Reading

Great Expectations

So, um. I read to about the middle of this novel years ago (as in possibly like six; I am ancient, I could read at this level six years ago?!). I put it down because it was my sister’s copy, and I was mad at her (that was the reason, I kid you not). I might add that this occurred during the period when I skipped through books before reading them and often consequently instead of reading them; I am a bit (notice the emphasis) better about that now.

I took this novel up again last summer, and I think got half-wayish again. I picked it up in the last month or so and got myself hooked. I really enjoyed it. I may or may not have been imagining Pip and Herbert as they appeared in the newest film/television rendition (I cannot WAIT to see it although I will make myself watch some older versions first, or not).

Oh, Pip. Oh, Herbert.

The patheticness of convict and his story 🙁 (yes, I am using emoticons to describe Dickens, get over it).
Pip’s softening towards him. Excellent.

Wemmick, and the Aged. And Walworth sentiments. That needs to be a code phrase, “will you give me your Walworth sentiments at a later period?”
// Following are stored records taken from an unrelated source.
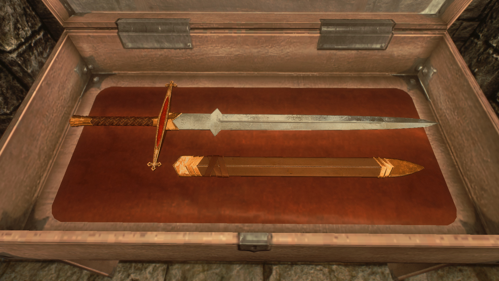 - Помещен в место, соответствующее лору: "Меч принадлежал Имперскому Легиону в Вварденфелле, но был украден дезертиром. По слухам, меч находится где-то рядом с Садрит Морой. Одним из заданий Рыцаря Дракона Вариуса Вантиниуса будет найти и вернуть реликвию обратно. Выясняется, что мечом завладела колдунья-данмерка Драраму Хлоран из пещеры Абанаби, что к юго-западу от Садрит Моры. Нереварин покончил с ворами и вернул артефакт прежним владельцам".
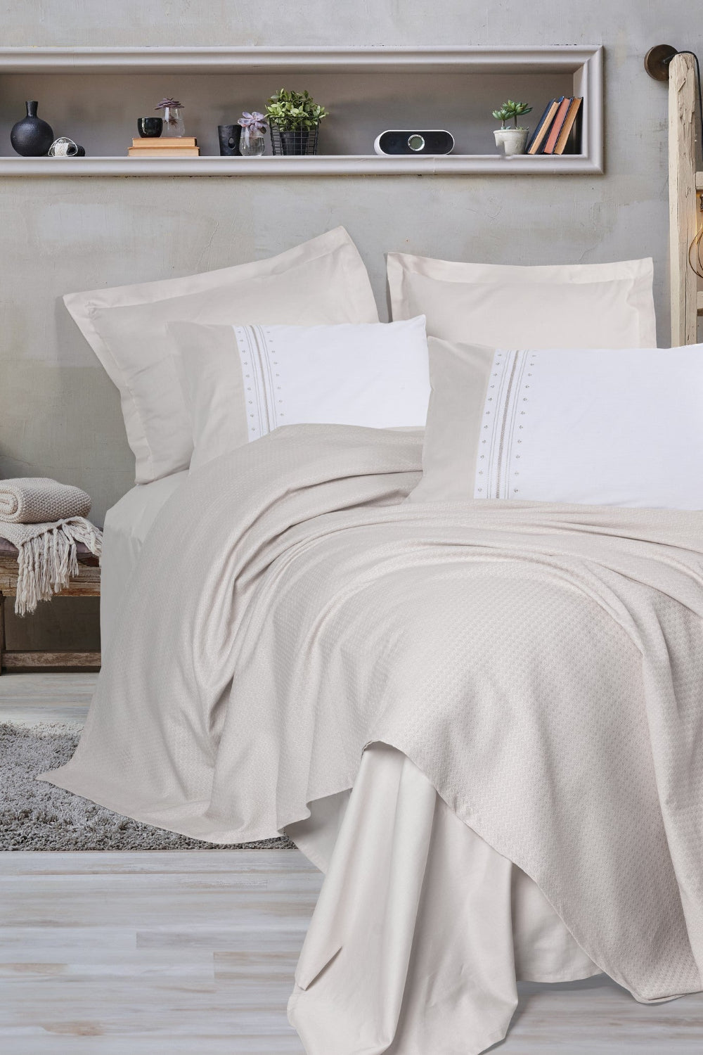 Lusso Bambu Çift Kişilik Pike Takımı Chaste Taş
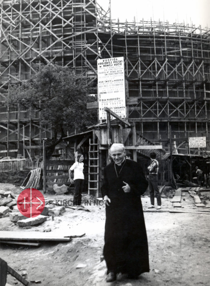 Als die kommunistischen Machthaber eine riesige Arbeiter-Trabantenstadt planten, Nowa Huta bei Krakau, eine ,,Stadt ohne Gott“, in der kein Platz für eine Kirche sein sollte, half „Kirche in Not“ auch hier. Kardinal Wojtyla gelang es, dem Regime 1967 eine Baugenehmigung für ein Gotteshaus abzuringen. Zwischen 1967 und 1977 wurde in Nowa Huta eine Kirche mit Hilfe von „Kirche in Not“ errichtet, die schließlich am 15. Mai 1977 der ,,Königin von Polen“ geweiht wurde. Diese Kirche gilt in Polen bis heute als Symbol des siegreichen Katholizismus gilt.
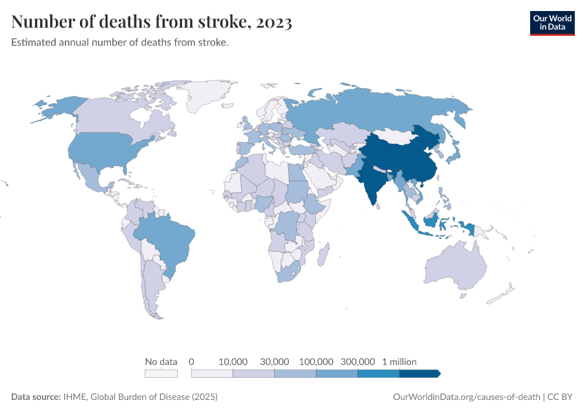 IHME, Global Burden of Disease (2025) – with major processing by Our World in Data. “Number of deaths from stroke” [dataset]. IHME, Global Burden of Disease, “Global Burden of Disease - Deaths” [original data]. Retrieved March 2, 2026 from https://data-wdi-depsupdate.owid.pages.dev:8789/20260211-174736/grapher/deaths-from-strokes.html (archived on February 11, 2026).
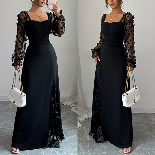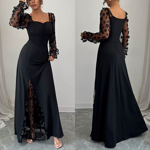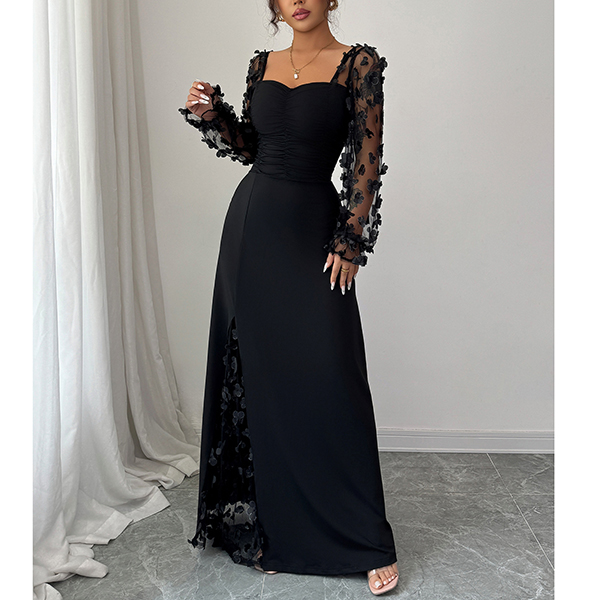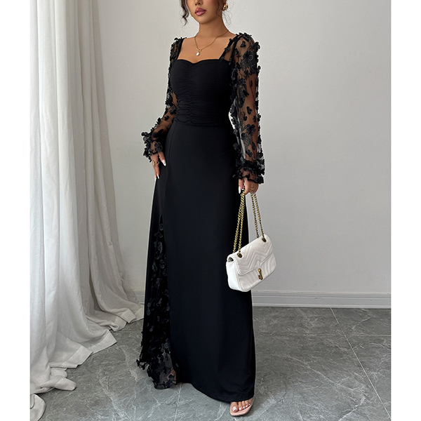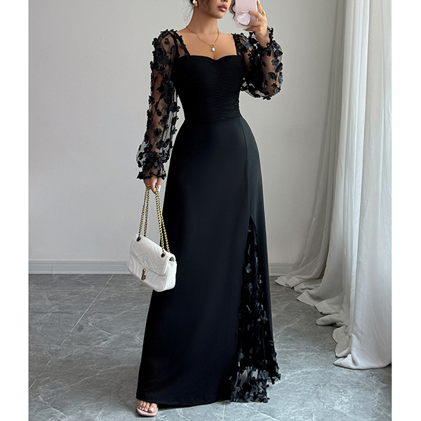 Long Sleeve Dress with Mesh Flower Detail on Sleeves
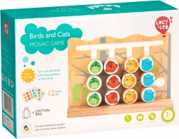 Veliki, enostavno oprijemljivi čepki z motivi ptic in mačk motivirajo otroke k ponavljajoči se igri ter vadbi fine motorike in barv.
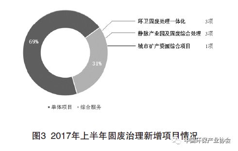 從2017年上半年環(huán)保上市公司披露的項(xiàng)目來(lái)看,42個(gè)固廢處理項(xiàng)目中,35個(gè)單體項(xiàng)目,投資總額97億元;7個(gè)綜合項(xiàng)目投資總額43億元。其中,環(huán)衛(wèi)固廢處理一體化項(xiàng)目3個(gè),固廢綜合處理及靜脈產(chǎn)業(yè)園建設(shè)3個(gè)。以中國(guó)天楹中標(biāo)的寧夏固原市循環(huán)經(jīng)濟(jì)產(chǎn)業(yè)園及環(huán)衛(wèi)一 體化項(xiàng)目為例,該項(xiàng)目披露總投資15億元,包含生活垃圾焚燒發(fā)電BOT項(xiàng)目(30年)、餐廚垃圾處置BOT項(xiàng)目(30年)、污泥干化BOT項(xiàng)目(30年)、建筑垃圾循環(huán)利用項(xiàng)目(30年)以及城鄉(xiāng)環(huán)衛(wèi)一體化項(xiàng)目(30年)。 2017年上半年固廢治理新增項(xiàng)目情況如圖3。
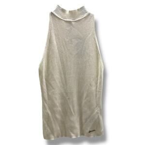 Guess Women's Eco Blaire Halter Neck Sleeveless Sweater Cream Ribbed Tank XL NEW
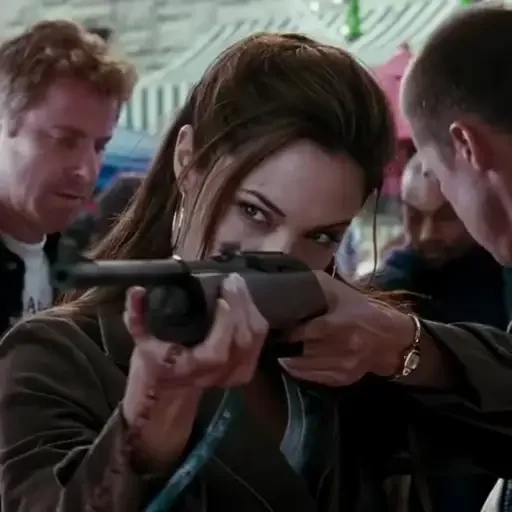 Uma mulher apontando uma arma de fogo, com um homem ao lado ajudando-a a mirar. Ao fundo, outro homem observa a cena.
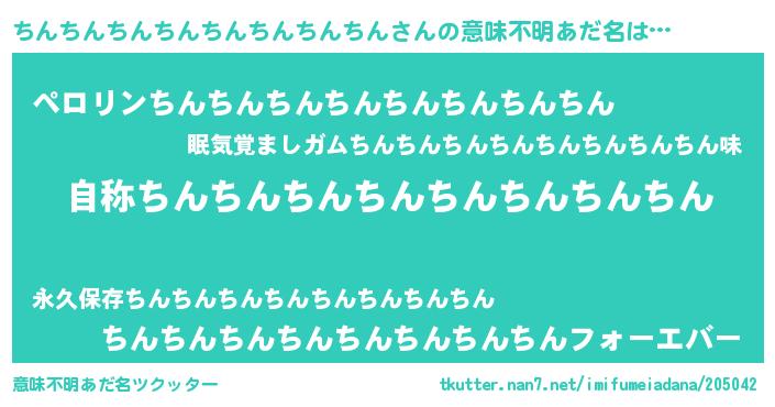 | 男性向けラノベタイトル風あだ名 | 『Re:ちんちんちんちんちんちんちんちんから始める異世界生活』 |
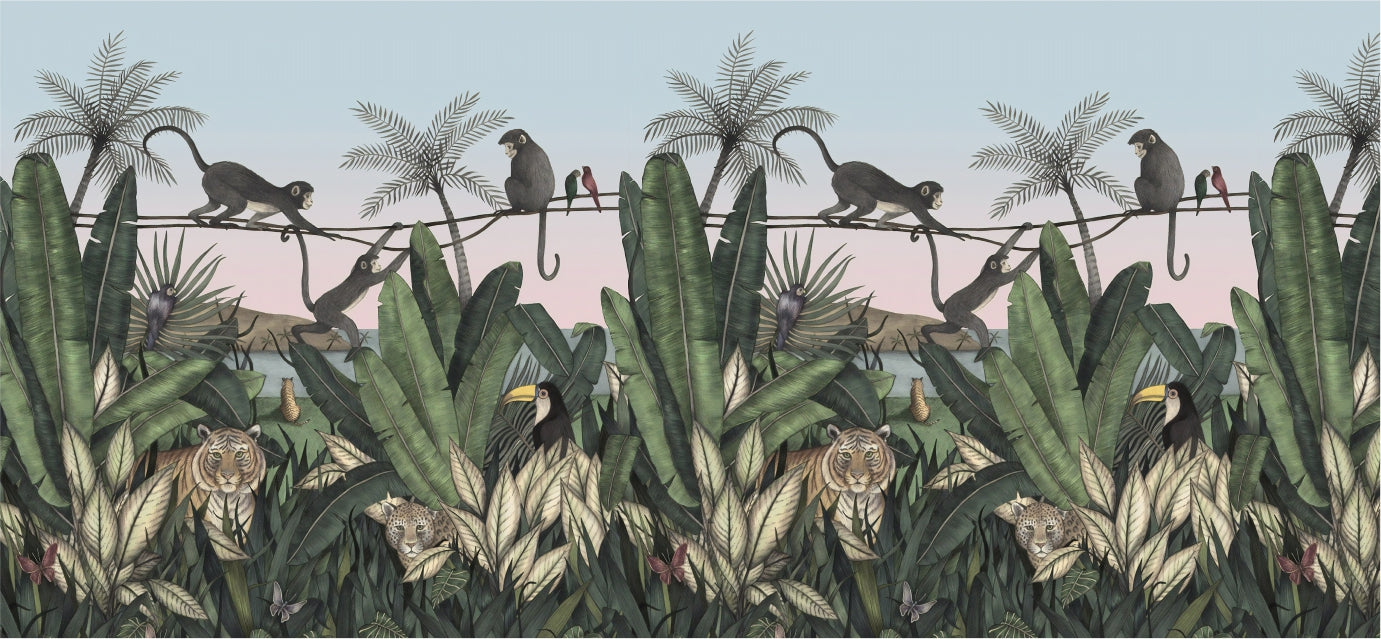 If you want to bring a touch of the wild to your home, look no further than the Nature's Haven mural wallpaper. This stunning wallpaper captures the essence of nature with its lush greenery, cascading waterfalls, and vibrant wildlife. Perhaps the most eye-catching element of this wallpaper is the playful monkeys swinging from tree to tree, adding a lively touch to any room. Our nature wallpaper brings a sense of serenity and a touch of the exotic into your home, making it the perfect way to spruce up your space with a unique and eye-catching feature.

Herbert’s perfect, total, self-sacrificing friendship. What he did for his fool of a foppish friend (let us be real about Mr. Spend-money-and-do-nothing)!

I am not the biggest Joe fan (he is the stupidest character, and I cannot abide stupidity when cloaked in goodness). Stupidity ranking starting with the lowest I.Q.: Joe, Orlick, Drummle and the convict.

The Drummle fireside showdown. Hysterical. The Pumblechook saga. Real. I love how even though Dickens is Victorian; his characters don’t have to be “above all that”; they can be petty and nice all the same.

I hate Estella. I hate that Pip does not give her up. I prefer the original ending, naturally.